Relevance filtering¶
39 keywords across five categories: (i) coronavirus names (新冠肺炎, SARS-CoV-2, COVID, Coronavirus, 冠状病毒, 新冠); (ii) pandemic terms (疫情, 确诊, 死亡病例, 输入病例, 隔离, 封城, 防控, etc.); (iii) key figures/organizations (WHO, CDC, 钟南山, 张文宏, 李文亮, 福奇); (iv) medical supplies (疫苗, 抗体, N95, 口罩, 火神山, 雷神山, 试剂盒, 核酸检测); (v) policies (群体免疫, 健康码, 战疫, 援鄂). English keywords are case-insensitive.
Benchmark results¶
Five text-classification methods evaluated with temporal 70/10/20 train/val/test split; macro F₁:
| Method | Macro F₁ |
|---|---|
| FastText | 0.839 |
| TextCNN | 0.938 |
| TextRNN | 0.700 |
| Att-TextRNN | 0.871 |
| Transformer | 0.927 |
Intended use¶
- Chinese COVID-19 fake news detection
- Multilingual infodemic research (complement to English ReCOVery, Spanish MM-COVID)

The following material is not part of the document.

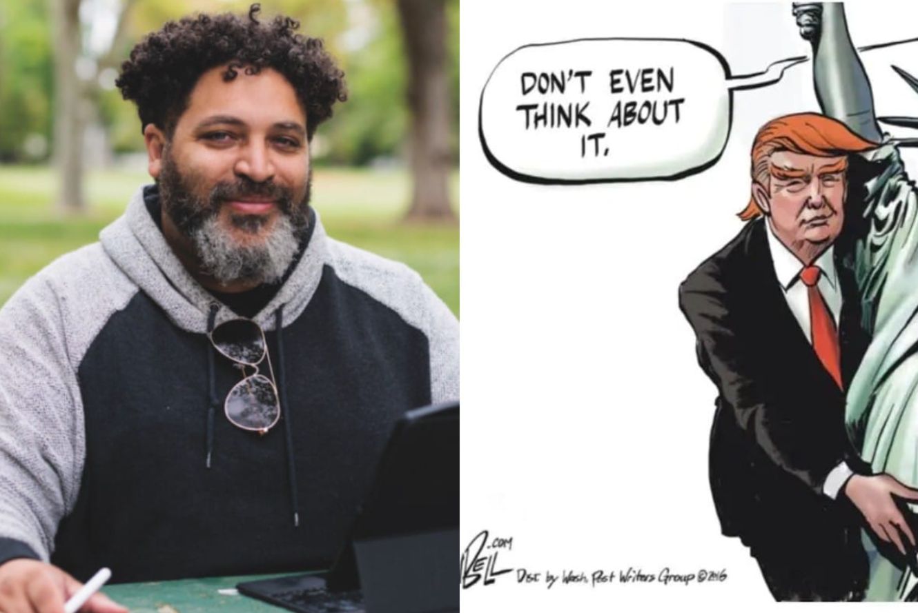 En la trinchera de los medios de comunicación antiTrump uno de los capitanes más destacados es Darrin Bell. Desde hace ocho años, dedica sus caricaturas en el Washington Post, Los Angeles Times y el New Yorker a denigrar a Donald Trump y a sus partidarios.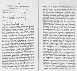- ↑ The Oconto Incandescent Lamp Case. II In: The Electrical World. Vol. XXII, No. 4, 22. Juli 1893, S. 57 und S. 68–71. Zitat: „All of the new testimony for the defense in this case, covering some 650 pages of the printed record, was given under oath and the witnesses were subjected to the most rigid cross examination. Not only was the defense not discredited thereby, but materially strengthened.“ Kreuzverhöre waren unüblich in Verfahren über einstweilige Verfügungen.

- Multimodal misinformation detection (image/video features not yet benchmarked)
- Propagation-based detection (full repost/comment thread graphs available)
- Temporal analysis of COVID-19 misinformation spread on Chinese social media
Limitations¶
Real news is sourced exclusively from a state-run media outlet (People's Daily), introducing potential institutional register bias. Class imbalance (5:1 real:fake) requires careful evaluation metric choice. Multimedia benchmarks are absent from the paper. Historical tweet/repost retrieval may be incomplete due to Weibo visibility controls.
Connections¶
- ReCOVery is the complementary English-language COVID-19 credibility dataset; together with CHECKED they provide Chinese and English multimodal COVID-19 misinformation corpora.
- FakeNewsNet is the dominant general-domain benchmark; CHECKED's propagation structure (power-law repost/comment distributions) is analogous to FakeNewsNet's Twitter graphs.
- Yang et al. (2020) is the introducing paper.